Over the past ten years or so I’ve had to focus on work, work, work so that there’s been little time left for my passion: reading books.  Starting the blog was a conscious decision to move away from all of that and at long last do what I like best, creative writing, rather than compiling  endless reports, strategies and briefings, including writing a dissertation and some research stuff.  The latter was interesting though and gave me a real kick.  So I am now reverting back to becoming a bookaholic again, as I used to be in my teens, twenties and even thirties. 

There are not enough hours in the day to read everything I want to read and to muse about all the things that I want to write about.  I’ve finished my ‘Helena’s story’, ready for submission to my Creative Writing Tutor and I must say I was greatly heartened by the advice provided by the Baroque in Hackney   (a thoughtful piece of advice about writing, editing etc.).  Sometimes your first trial is the best and stories/novels don’t always improve through endless editing.  I felt my first attempt was the best, then I began to doubt myself and started cutting and pasting and chopping and adding.  Some of this was necessary.  However, I now think I’ve just got to trust what I’ve got there and submit (scary though this is).

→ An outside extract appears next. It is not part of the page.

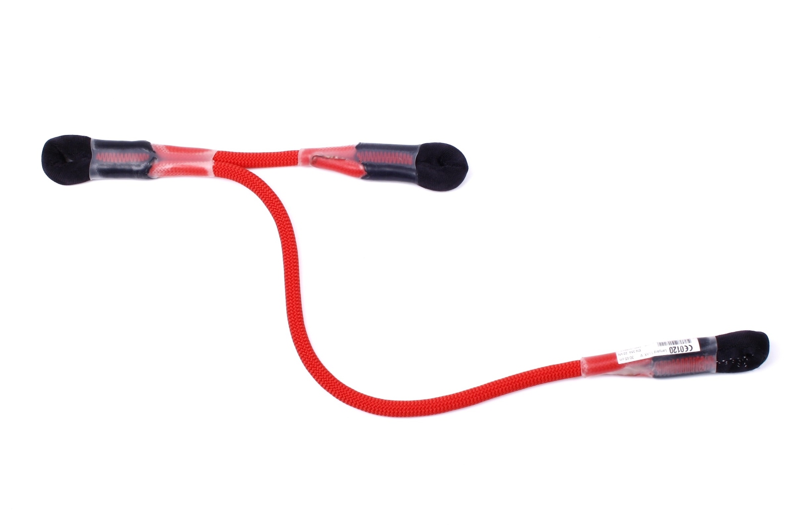 Zakończenia linki zostały odpowiednio przeszyte dla zapewnienia maksymalnego bezpieczeństwa. Dodatkowo, producent zdecydował się umieścić je w plastikowej otulinie, która chroni włókna przed tarciem i czynnikami zewnętrznymi. Osłonka jest przezroczysta, znacząco ułatwiając inspekcję szwów.

The challenge to read 6 ‘travel books’ got me thinking about what I wanted to enter there (see previous blog) and then I found myself picking up Amin Maalouf’s Leo the African, which has been sitting on my shelf to be read for a couple of months now. It’s a great read (especially if you like ‘stories’) and really appropriate to include in the list.  So I will make some changes.  The first part of the book is about what happens to ‘Leo the African’ and his family in Spain (in the 15th century mind!)  ‘The book of Granada’ and it reminded me of a trip I made to that part of the world for work, some ten years ago.  There was a  meeting on working together on ‘sustainability in education and training’ or some such title, with representatives from across Europe, working together on a joint project (that was in the time when there still seemed to be a flush of funding for these kind of activities, not sure whether that is still the case).  Anyway, I had a flight to Malaga, arriving around 9 in the evening and had a car booked to drive to Ronda.  I had never been to this part of Spain so was not sure why the car hire agents looked questioningly at me when I said I was going to drive straight on to Ronda from the airport, even though it was late (and dark).  By the time I got in the car it was pitch black, not so bad on the first stretch but then I began to realise that the road became quite steep, with limited street lighting.  There were very few cars on the road and there were some hairpin bends as well during the constant climb, which I did notice!  I arrived in Ronda around midnight and at first had difficulty finding the hotel (and car parking space) but eventually got to my hotel room and bed.  The next morning I related to some colleagues that I had found it quite difficult driving so they laughed and said it had been just as well I had not been aware of where I was driving because I would not have been so self-assured: we were of course at the top of the mountain, the road winding its way up alongside quite steep precipes, in places without any barriers whatsoever. 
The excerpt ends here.